I spent the entire day in a LETRS class (Learning Essentials for Teachers of Reading and Spelling). I learned a lot and will share pieces over the next few days.
These are the non-negotiable skills students need in order to read:
* Phonemic Awareness: awareness and manipulation of speech sounds
* Phonics: letter/sound correspondences for decoding
* Advanced decoding skill instruction: word analysis skills beyond one syllable words
* Fluency: in decoding and contextual reading
* Sight word memory for irregular words
* Strong oral language background
* Vocabulary knowledge: word conciousness
* Background knowledge: use of accurate, rich background knowledge to help construct meaning
* Meta-cognitive strategies to adjust comprehension as you read
* Motivation: to pursue increased skills and comprehension
Fluency is the bridge to comprehension. Fluency is not the rate of reading--it is being able to read for comprehension.

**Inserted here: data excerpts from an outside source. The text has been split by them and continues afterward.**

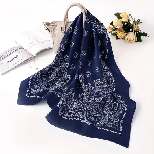 Foulard carré toucher soie Couture Paisley Bleu marine 70x70cm
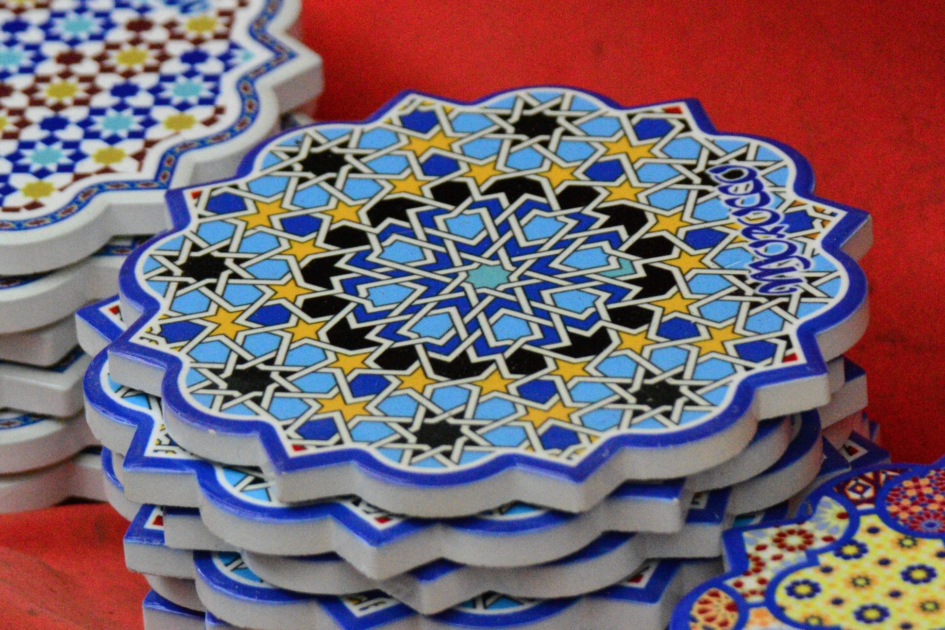 🌀 Nasze podkładki wykonane zostały własnoręcznie przez marokańskich rzemieślników w Fez – mieście słynącym z mistrzowskiej obróbki glazury. Stworzone z autentycznej mozaiki zellige, zachwycają precyzyjnym wzornictwem i bogactwem kolorów. Ich powierzchnia składa się z ręcznie ciętych kafelków, które tworzą geometryczne wzory inspirowane tradycyjną sztuką marokańską.
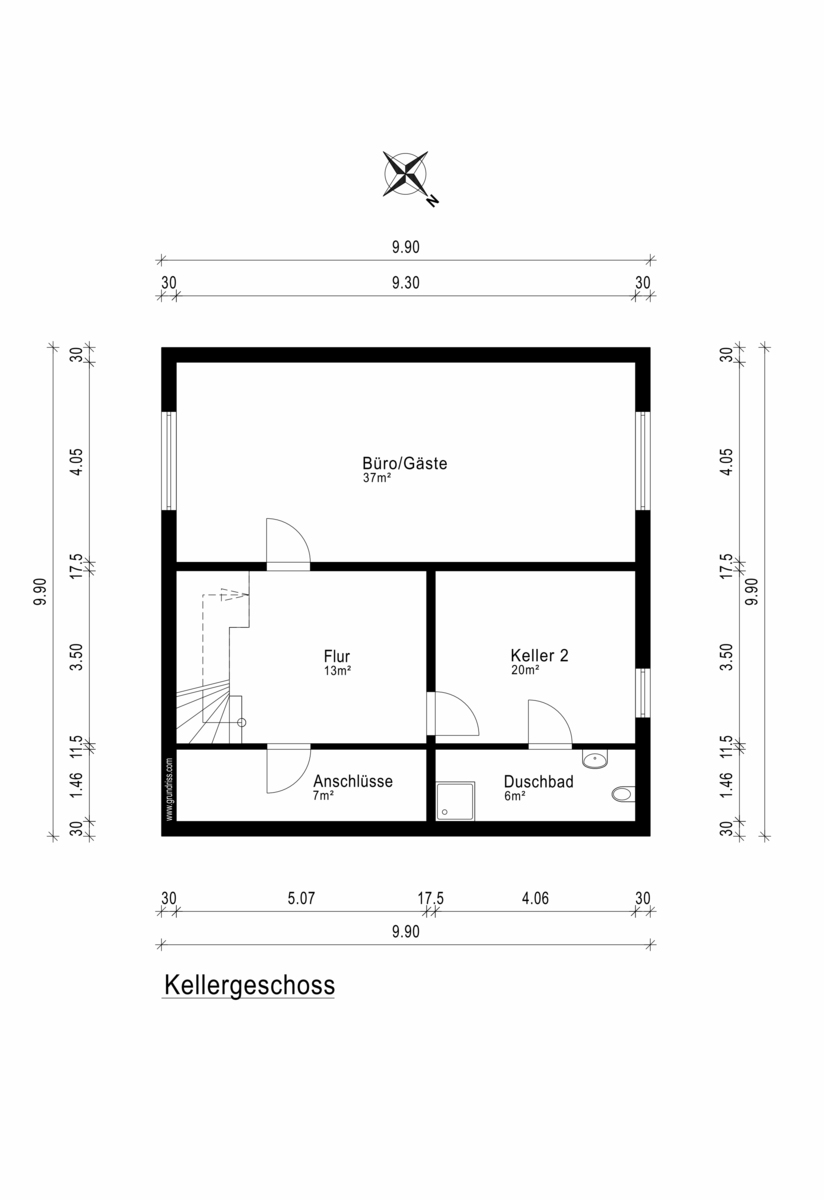 Im 77m² großen Tiefgeschoss (Deckenhöhe 2,30m) stehen weitere wohnlich nutzbare Räume mit Tageslicht zur Verfügung.

Schools should have a core reading program, based on scientifically-based reading research (SBRR). For students who are not able to learn with the core reading program, an intervention curriculum should address atypical student needs (e.g. students needing auditory learning or phonemic awareness). A third level of intervention may also be necessary. Students should not be considered "special ed" simply because they don't learn to read with the core reading program or an intervention program. Each segment of learning to read should be firmly established with repetition before moving to the next skill. For some students, this takes additional repetitions.